Спустя несколько часов пришел ответ: «Освобождение возможно только весной».

Удивительно ли, что мои товарищи плакали от радости?

Нам нужно было подождать только лишь три, самое большее четыре месяца! Что такое эти несколько месяцев в сравнении с тремя долгими годами?

В Никитино прибыли уполномоченные большевистского правительства. Это было двое мужчин с властным взглядом, одетые в кожаные куртки, в кожаных фуражках с совсем новой советской звездой. На груди были перекрещены пулеметные ленты. На поясе у каждого висели по два револьвера. Они говорили громко и четко, и любое возражение казалось бессмысленным.

- Мы – комиссары большевистского правительства. Мы боремся за мир, свободу и хлеб. Мы – освободители угнетенных, бесправных. Любой, кто осмеливается угнетать пролетария, наш враг. Мы ставим наших врагов к стенке, и наш приговор может звучать только так: Смерть угнетателям народа! Каждый должен вести себя в соответствии с этим!

Предстояли выборы городского управления Никитино.

Лопатин, Кузьмичев, начальник почты, его помощник, солдаты, крестьяне, чиновники, все сразу проголосовали за Ивана Ивановича.

- Бывший царский слуга и подхалим! – кричал комиссар. – Это даже не подлежит обсуждению! Вы все сошли с ума!

- Но позволь, товарищ, – спокойно отвечал Лопатин, – если уж мы должны выбирать себе начальство, тогда ты должен предоставить это дело нам самим. Теперь мы – свободный народ и можем выбирать, кого мы хотим. Кроме того, ты вовсе не знаешь, был ли наш капитан подхалимом или нет. Он всегда выступал за права народа, мы знаем это лучше тебя. У нас дома мы должны решать, крестьяне и солдаты, а не ты.

Внезапно его рука метнулась к бедру, «наган» с грохотом стреляет, комиссар на другом конце стола медленно поднимает правую руку над столом.

Его судорожно сжатые пальцы разжимаются, револьвер с шумом падает на землю.

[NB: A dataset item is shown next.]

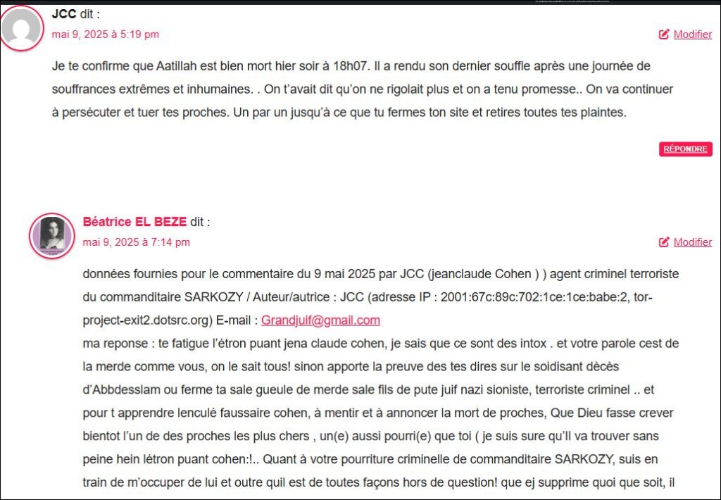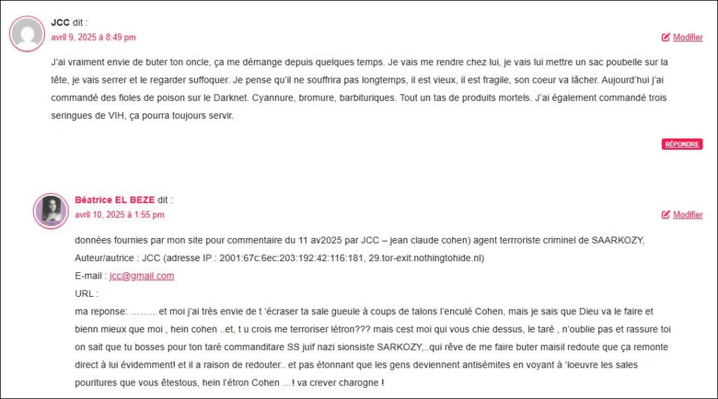 ci dessous dans on commetaire du 9 avr 2025, le lire : « …jai envie de buter ton oncle .. ça me démange .. je vais me rednre chez lui, lui mettre uns ac cpoubelle sur la tête et ej vasi serrer et et el regarder suffoquer .. » cest ç les cpians de la pouriure SARKOZY ! les cinglés vont aux cinglés …
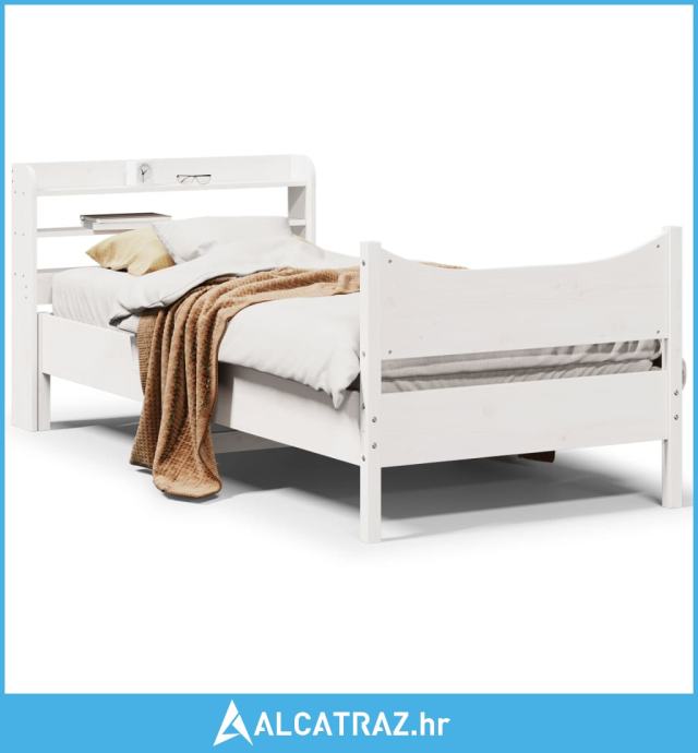 Okvir za krevet s uzglavljem bijeli 90x200 cm masivna borovina - NOVO

-... С сибирским стрелком нельзя так разговаривать и шутить. Мы стреляем быстрее, чем вы вытащите ваш револьвер... А то, что у нас каждый выстрел попадает в цель это, все же, ты должен знать... Ты не был на фронте? Не нюхал еще пороху, нет?

На этом дискуссия была закончена.

Комиссары снова уехали: один с разбитой рукой, другой с бледным как мел лицом.

Иван Иванович снова должен был стать неограниченным властителем всей этой большой округи.

Прошло четыре месяца.

В четырех месяцах есть семнадцать недель.

Семнадцать недель включают сто двадцать дней.

Мы ждали все сто двадцать дней.

Изо дня в день, час за часом, каждое мгновение было заполнен этим ожиданием. Нетерпеливо и поспешно вставали, ждали обед, проглатывали его быстро, нетерпение нарастало к вечеру, тогда наступала немая, затаенная злоба, постоянная борьба против разума и всех логичных аргументов.

Так наступила весна 1918 года. С ней наши надежды выросли до бесконечности. Каждый день мы ожидали приказа на отправку.

Толпами крестьяне стояли перед нами. Они просили нас остаться, они умоляли, заламывая руки, предлагая нам свое самое последнее.

- Мы приняли вас как своих братьев, делили с вами наш ежедневный хлеб, всегда жили с вами в лучшем, самом честном взаимном согласии и безмятежном мире, отдавали вам наше самое лучшее, каким бы скудным оно ни было. Вы научили нас многому, но без вас мы снова опустимся назад, к нашему прошлому, ведь мы еще не всему выучились. Останьтесь, братцы, останьтесь, ради Бога! Не покидайте нас в нашем невежестве, имейте сострадание к нам! Мы долгие годы страдали от голода и лишений, и теперь, когда, наконец, наша жизнь стала лучше, мы становимся сытыми, вы все хотите уйти?! Останьтесь, братцы, останьтесь!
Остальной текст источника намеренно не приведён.